[Supplied data — start]

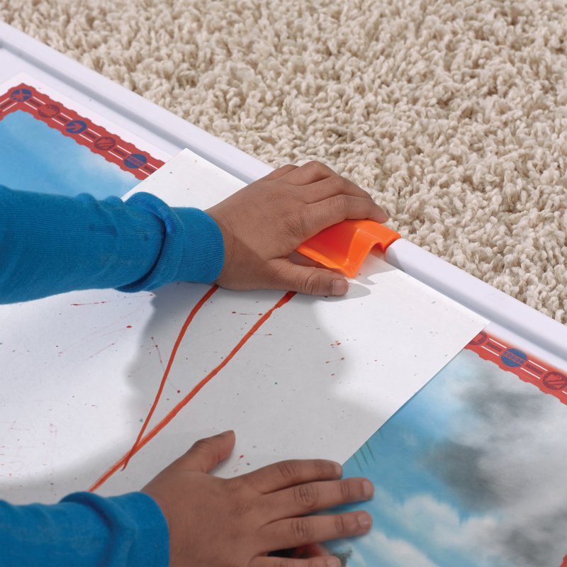 Zdejmowana pokrywa może służyć jako plansza do gier, podkładka do prac plastycznych, miejsce do układania puzzli itp.
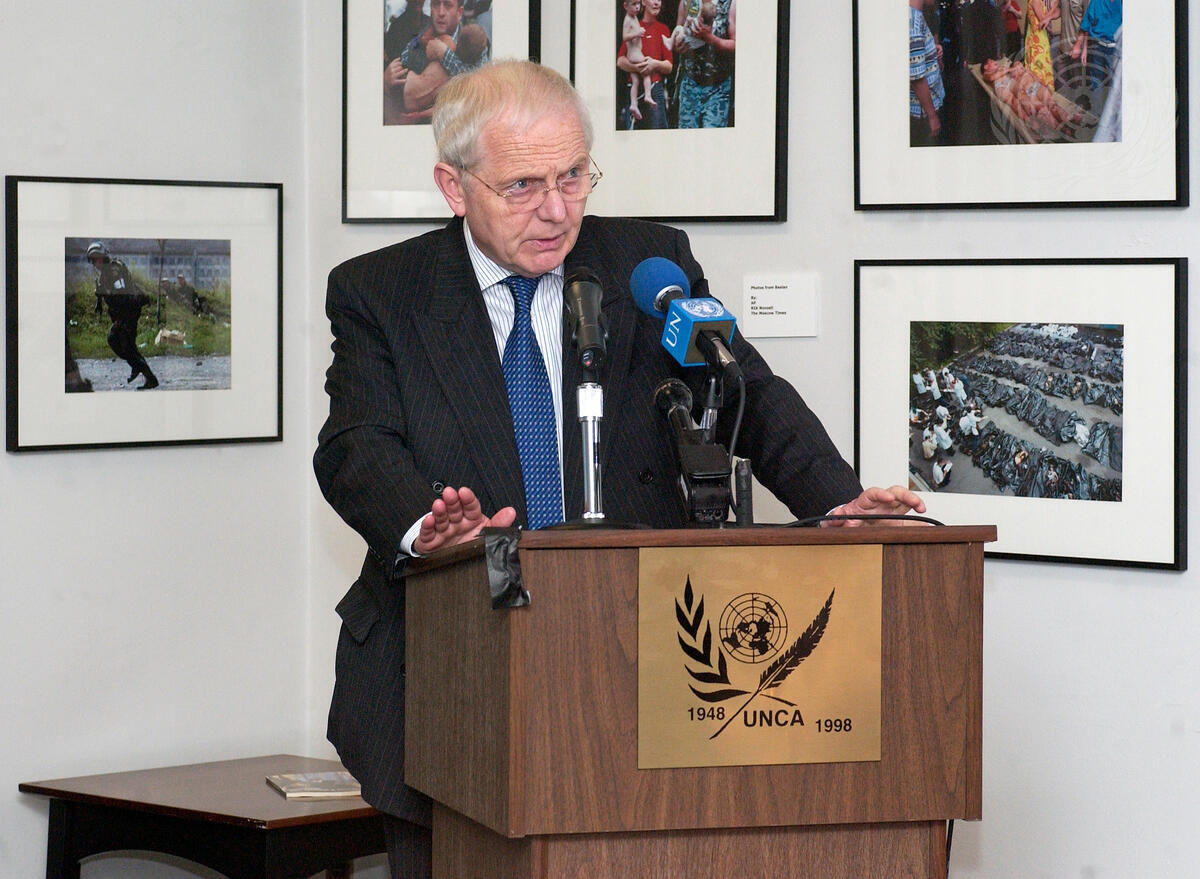 Emyr Jones Parry, Permanent Representative of the United Kingdom to the United Nations, speaking at the twentieth annual Day of Solidarity with Detained and Missing Staff Members ceremony, held today at UN Headquarters.
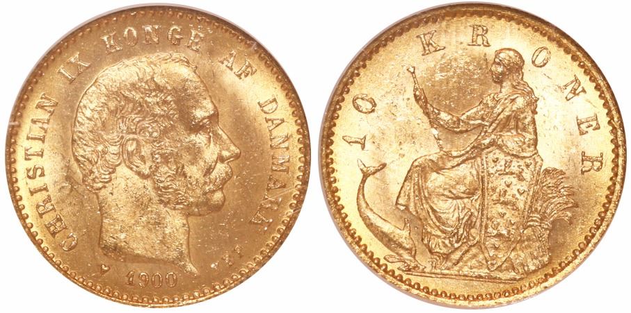 Denmark, 10 kroner, Christian IX, 1900-VBP, encapsulated NGC MS 65.
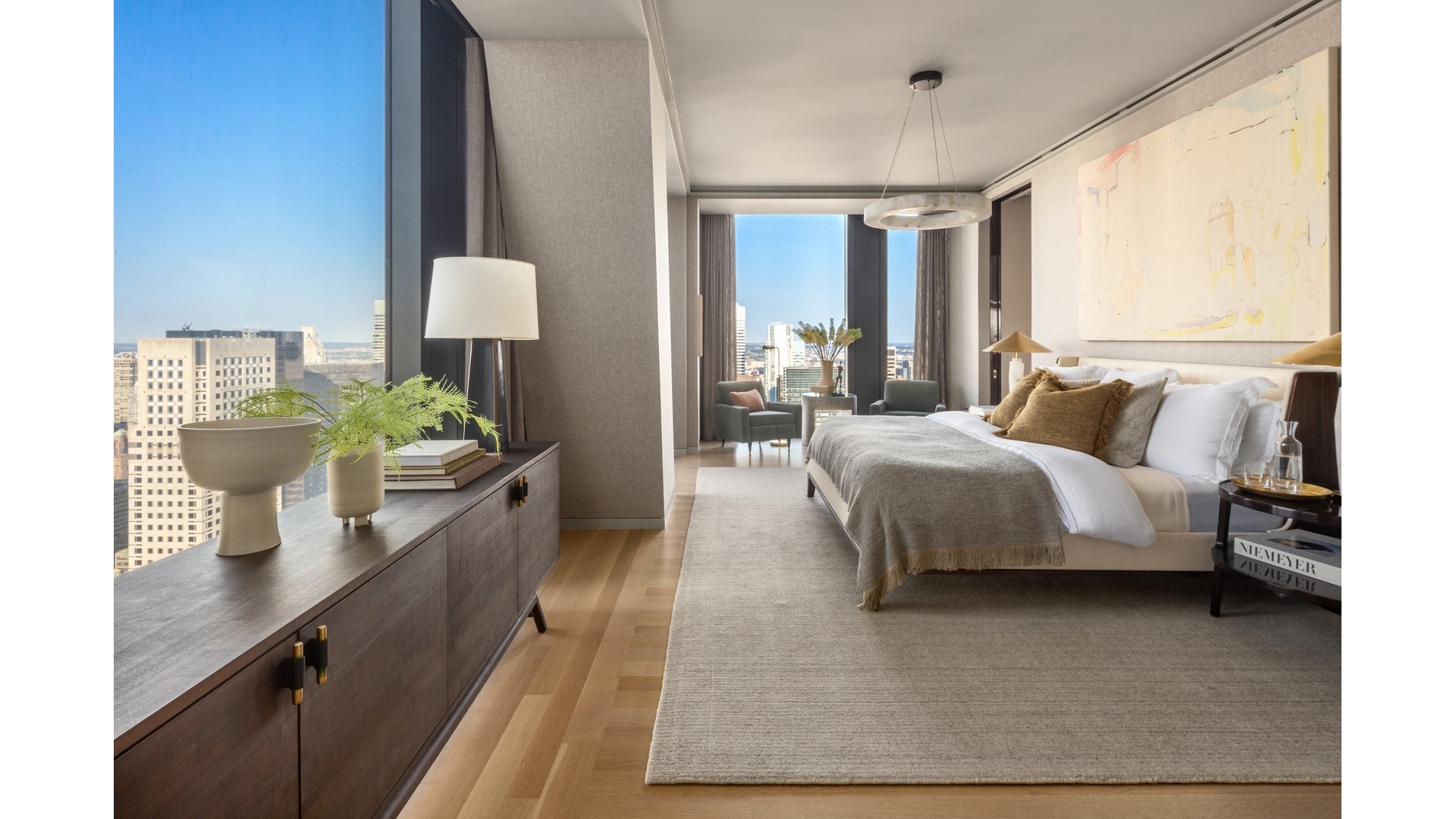 Combining superb sophistication and craftsmanship with the intimate feeling of home, Residence 52A at 53 West 53 comprises 3,910 square feet, offering four bedrooms and a windowed study, four-and-a-half bathrooms, and north- and east-facing exposures. Gracious proportions and ceilings ranging up to approximately 11 feet set the awe-inspiring stage for world-renowned designer, Thierry Despont, to craft singular spaces in the sky with many custom elements typically reserved for primarily commissioned homes. The rich yet soft palette of museum-quality finishes imbues each space with boldness and elegance.
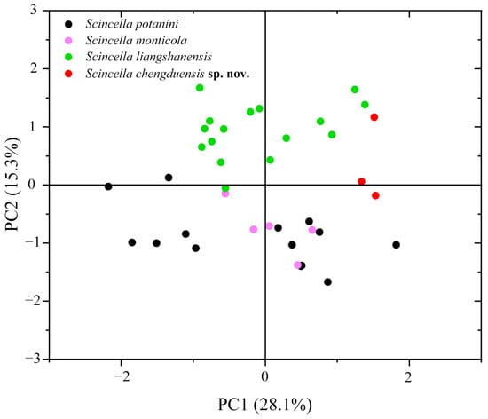 Scatter plot of PC1 and PC2 from PCA based on morphometric measurements, distinguishing the new species and its closely related species. Red, green, black, and light magenta plots represent Scincella chengduensis sp. nov., S. liangshanensis, S. potanini, and S. monticola, respectively.
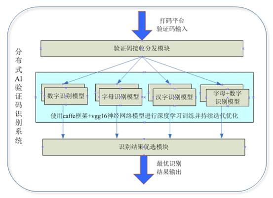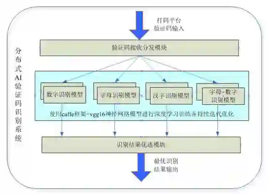 由于不同方式生成的验证码风格迥异,且经常变换,为了实现精准识别,提高准确度,“快啊答题”收集了大量不同风格的样本,并开发了验证码接收与分发模块,输入端对接打码平台,输出端根据验证码类型轮询选择并推送到相应的验证码识别模型,验证码识别完成,返回验证码字符串到打码平台,打码平台确认是否识别正确,并将结果反馈至该分布式AI验证码识别系统进行进一步优化。
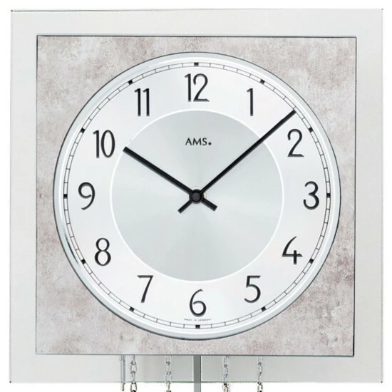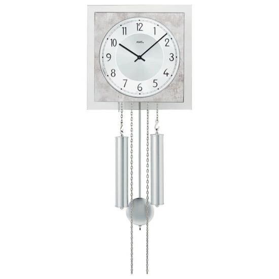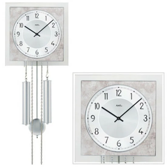 AMS 344 Wanduhr mit Pendel Pendeluhr mechanisch Abtik-Optik silbern mit Glas

[Supplied data — finish]

Task description:
Using the listing above, repeat word for word each line from the one with "Emyr Jones Parry, Permanent" down to the one with "Combining superb sophistication", both included. Omit all pictures.

Your solution:
 Emyr Jones Parry, Permanent Representative of the United Kingdom to the United Nations, speaking at the twentieth annual Day of Solidarity with Detained and Missing Staff Members ceremony, held today at UN Headquarters.
 Denmark, 10 kroner, Christian IX, 1900-VBP, encapsulated NGC MS 65.
 Combining superb sophistication and craftsmanship with the intimate feeling of home, Residence 52A at 53 West 53 comprises 3,910 square feet, offering four bedrooms and a windowed study, four-and-a-half bathrooms, and north- and east-facing exposures. Gracious proportions and ceilings ranging up to approximately 11 feet set the awe-inspiring stage for world-renowned designer, Thierry Despont, to craft singular spaces in the sky with many custom elements typically reserved for primarily commissioned homes. The rich yet soft palette of museum-quality finishes imbues each space with boldness and elegance.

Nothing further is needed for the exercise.